_Data listing_:
______

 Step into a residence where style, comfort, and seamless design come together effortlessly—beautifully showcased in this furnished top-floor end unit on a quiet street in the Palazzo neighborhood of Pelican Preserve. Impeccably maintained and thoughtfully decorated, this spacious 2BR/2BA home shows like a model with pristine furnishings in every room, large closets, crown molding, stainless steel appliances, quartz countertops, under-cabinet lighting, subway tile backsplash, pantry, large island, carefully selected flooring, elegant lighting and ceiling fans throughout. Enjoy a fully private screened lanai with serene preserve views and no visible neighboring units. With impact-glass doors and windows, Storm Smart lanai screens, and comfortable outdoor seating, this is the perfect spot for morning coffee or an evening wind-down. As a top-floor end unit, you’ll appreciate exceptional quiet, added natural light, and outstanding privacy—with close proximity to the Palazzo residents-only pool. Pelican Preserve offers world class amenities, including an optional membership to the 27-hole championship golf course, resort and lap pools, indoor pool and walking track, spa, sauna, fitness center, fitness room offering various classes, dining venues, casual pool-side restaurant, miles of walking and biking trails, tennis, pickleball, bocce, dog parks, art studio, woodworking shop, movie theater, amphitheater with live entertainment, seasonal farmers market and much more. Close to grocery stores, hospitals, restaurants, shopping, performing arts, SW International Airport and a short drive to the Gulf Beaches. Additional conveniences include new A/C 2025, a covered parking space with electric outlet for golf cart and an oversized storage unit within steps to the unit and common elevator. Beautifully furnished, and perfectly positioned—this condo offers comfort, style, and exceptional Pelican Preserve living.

______

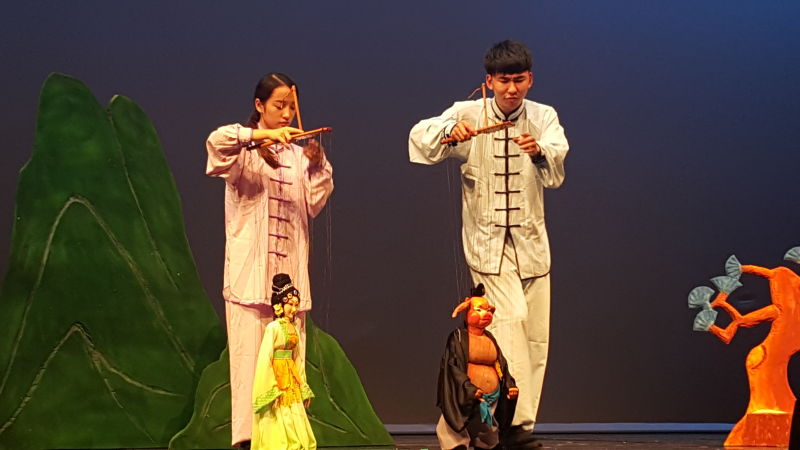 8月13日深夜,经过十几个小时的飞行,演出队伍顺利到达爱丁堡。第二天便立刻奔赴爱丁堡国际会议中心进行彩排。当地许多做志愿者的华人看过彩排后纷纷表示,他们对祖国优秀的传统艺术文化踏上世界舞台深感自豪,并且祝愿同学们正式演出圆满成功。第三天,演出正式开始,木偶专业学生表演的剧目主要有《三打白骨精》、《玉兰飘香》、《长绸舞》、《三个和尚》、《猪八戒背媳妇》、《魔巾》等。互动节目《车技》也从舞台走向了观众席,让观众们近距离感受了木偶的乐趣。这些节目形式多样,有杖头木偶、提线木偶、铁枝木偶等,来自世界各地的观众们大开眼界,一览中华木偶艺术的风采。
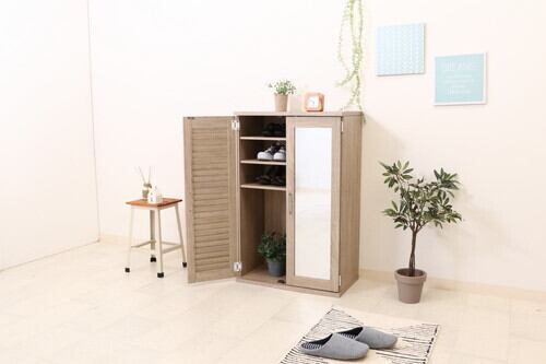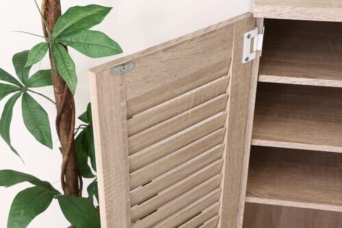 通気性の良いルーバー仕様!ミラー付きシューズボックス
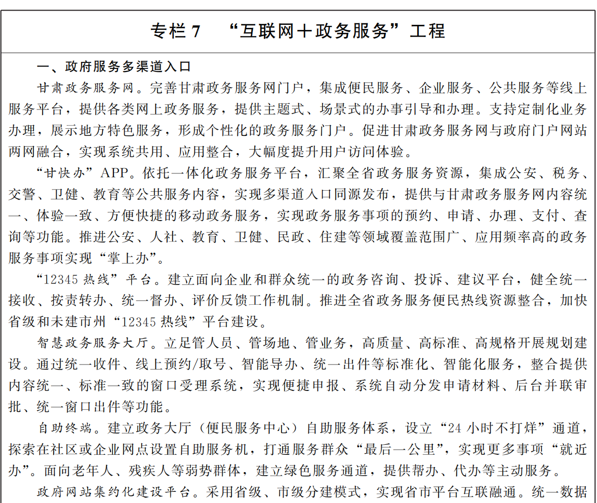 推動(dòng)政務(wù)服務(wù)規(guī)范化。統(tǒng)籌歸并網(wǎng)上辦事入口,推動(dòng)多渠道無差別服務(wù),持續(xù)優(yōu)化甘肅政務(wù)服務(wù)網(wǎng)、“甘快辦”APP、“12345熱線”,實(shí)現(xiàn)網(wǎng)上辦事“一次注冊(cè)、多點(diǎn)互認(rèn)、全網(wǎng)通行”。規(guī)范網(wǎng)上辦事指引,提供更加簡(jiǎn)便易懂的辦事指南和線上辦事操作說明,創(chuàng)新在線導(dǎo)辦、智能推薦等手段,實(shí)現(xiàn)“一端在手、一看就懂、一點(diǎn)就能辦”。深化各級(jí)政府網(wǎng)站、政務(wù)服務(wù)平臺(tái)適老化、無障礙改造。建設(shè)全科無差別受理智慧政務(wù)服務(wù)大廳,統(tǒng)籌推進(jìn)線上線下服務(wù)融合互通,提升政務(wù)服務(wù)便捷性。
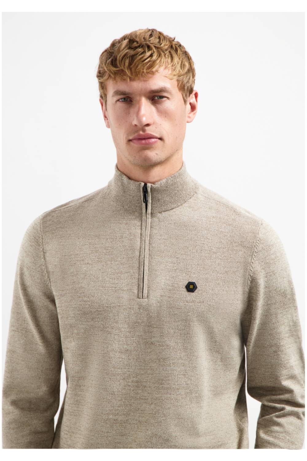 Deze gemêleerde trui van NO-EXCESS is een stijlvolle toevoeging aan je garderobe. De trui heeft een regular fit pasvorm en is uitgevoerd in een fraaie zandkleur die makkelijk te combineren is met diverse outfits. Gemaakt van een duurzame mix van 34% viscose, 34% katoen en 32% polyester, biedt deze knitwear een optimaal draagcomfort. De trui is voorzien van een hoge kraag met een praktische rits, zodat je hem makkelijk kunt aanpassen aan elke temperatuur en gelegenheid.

______

_Problem to work on_:
Looking at the listing above, which lines run from the one containing "通気性の良いルーバー仕様!ミラー付きシューズボックス" through the one containing "Deze gemêleerde trui"? Print exactly those, ends included, pictures excluded.

_Response area_:
 通気性の良いルーバー仕様!ミラー付きシューズボックス
 推動(dòng)政務(wù)服務(wù)規(guī)范化。統(tǒng)籌歸并網(wǎng)上辦事入口,推動(dòng)多渠道無差別服務(wù),持續(xù)優(yōu)化甘肅政務(wù)服務(wù)網(wǎng)、“甘快辦”APP、“12345熱線”,實(shí)現(xiàn)網(wǎng)上辦事“一次注冊(cè)、多點(diǎn)互認(rèn)、全網(wǎng)通行”。規(guī)范網(wǎng)上辦事指引,提供更加簡(jiǎn)便易懂的辦事指南和線上辦事操作說明,創(chuàng)新在線導(dǎo)辦、智能推薦等手段,實(shí)現(xiàn)“一端在手、一看就懂、一點(diǎn)就能辦”。深化各級(jí)政府網(wǎng)站、政務(wù)服務(wù)平臺(tái)適老化、無障礙改造。建設(shè)全科無差別受理智慧政務(wù)服務(wù)大廳,統(tǒng)籌推進(jìn)線上線下服務(wù)融合互通,提升政務(wù)服務(wù)便捷性。
 Deze gemêleerde trui van NO-EXCESS is een stijlvolle toevoeging aan je garderobe. De trui heeft een regular fit pasvorm en is uitgevoerd in een fraaie zandkleur die makkelijk te combineren is met diverse outfits. Gemaakt van een duurzame mix van 34% viscose, 34% katoen en 32% polyester, biedt deze knitwear een optimaal draagcomfort. De trui is voorzien van een hoge kraag met een praktische rits, zodat je hem makkelijk kunt aanpassen aan elke temperatuur en gelegenheid.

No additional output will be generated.